**What you are asked to do:** Restate all data exactly. No images.

**Collected data:**
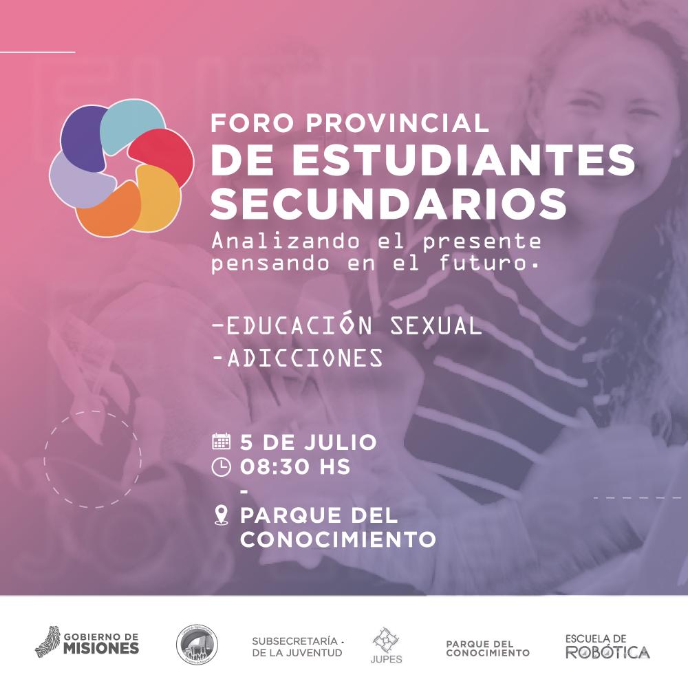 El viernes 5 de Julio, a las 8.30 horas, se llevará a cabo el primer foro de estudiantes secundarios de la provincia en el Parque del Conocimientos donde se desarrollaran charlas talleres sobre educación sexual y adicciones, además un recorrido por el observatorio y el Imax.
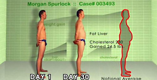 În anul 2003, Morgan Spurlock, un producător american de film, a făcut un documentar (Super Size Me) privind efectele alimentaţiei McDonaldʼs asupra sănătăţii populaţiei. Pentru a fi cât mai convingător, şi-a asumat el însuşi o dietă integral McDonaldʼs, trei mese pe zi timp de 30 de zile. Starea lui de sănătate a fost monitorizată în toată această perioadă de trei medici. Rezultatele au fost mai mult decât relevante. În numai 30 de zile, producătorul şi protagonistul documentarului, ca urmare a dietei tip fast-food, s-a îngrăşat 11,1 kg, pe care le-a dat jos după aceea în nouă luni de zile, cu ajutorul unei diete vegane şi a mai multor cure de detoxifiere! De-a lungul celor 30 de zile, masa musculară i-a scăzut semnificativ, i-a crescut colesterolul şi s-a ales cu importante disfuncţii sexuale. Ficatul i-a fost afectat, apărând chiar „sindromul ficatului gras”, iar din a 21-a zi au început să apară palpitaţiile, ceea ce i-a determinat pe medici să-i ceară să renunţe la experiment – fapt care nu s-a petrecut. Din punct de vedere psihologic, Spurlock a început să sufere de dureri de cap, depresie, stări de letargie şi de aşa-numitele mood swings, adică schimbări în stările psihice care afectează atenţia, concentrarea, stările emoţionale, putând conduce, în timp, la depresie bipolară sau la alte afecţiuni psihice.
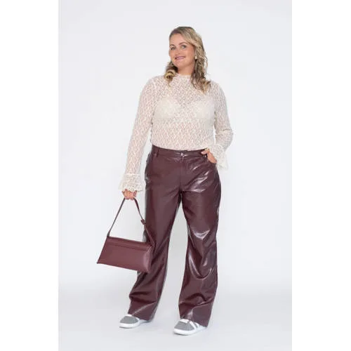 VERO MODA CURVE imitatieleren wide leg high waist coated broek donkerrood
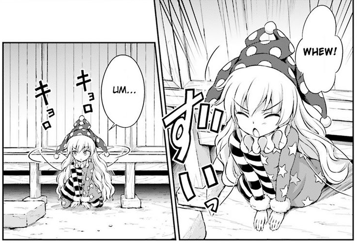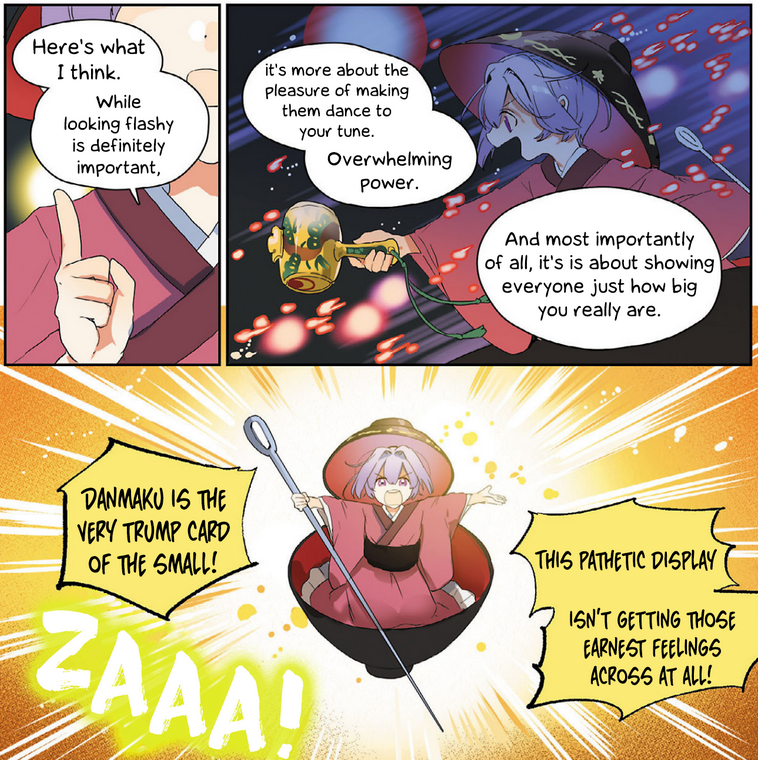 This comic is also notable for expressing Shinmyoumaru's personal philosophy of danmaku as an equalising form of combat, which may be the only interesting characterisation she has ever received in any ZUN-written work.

**Solution for this problem:**
 El viernes 5 de Julio, a las 8.30 horas, se llevará a cabo el primer foro de estudiantes secundarios de la provincia en el Parque del Conocimientos donde se desarrollaran charlas talleres sobre educación sexual y adicciones, además un recorrido por el observatorio y el Imax.
 În anul 2003, Morgan Spurlock, un producător american de film, a făcut un documentar (Super Size Me) privind efectele alimentaţiei McDonaldʼs asupra sănătăţii populaţiei. Pentru a fi cât mai convingător, şi-a asumat el însuşi o dietă integral McDonaldʼs, trei mese pe zi timp de 30 de zile. Starea lui de sănătate a fost monitorizată în toată această perioadă de trei medici. Rezultatele au fost mai mult decât relevante. În numai 30 de zile, producătorul şi protagonistul documentarului, ca urmare a dietei tip fast-food, s-a îngrăşat 11,1 kg, pe care le-a dat jos după aceea în nouă luni de zile, cu ajutorul unei diete vegane şi a mai multor cure de detoxifiere! De-a lungul celor 30 de zile, masa musculară i-a scăzut semnificativ, i-a crescut colesterolul şi s-a ales cu importante disfuncţii sexuale. Ficatul i-a fost afectat, apărând chiar „sindromul ficatului gras”, iar din a 21-a zi au început să apară palpitaţiile, ceea ce i-a determinat pe medici să-i ceară să renunţe la experiment – fapt care nu s-a petrecut. Din punct de vedere psihologic, Spurlock a început să sufere de dureri de cap, depresie, stări de letargie şi de aşa-numitele mood swings, adică schimbări în stările psihice care afectează atenţia, concentrarea, stările emoţionale, putând conduce, în timp, la depresie bipolară sau la alte afecţiuni psihice.
 VERO MODA CURVE imitatieleren wide leg high waist coated broek donkerrood
 This comic is also notable for expressing Shinmyoumaru's personal philosophy of danmaku as an equalising form of combat, which may be the only interesting characterisation she has ever received in any ZUN-written work.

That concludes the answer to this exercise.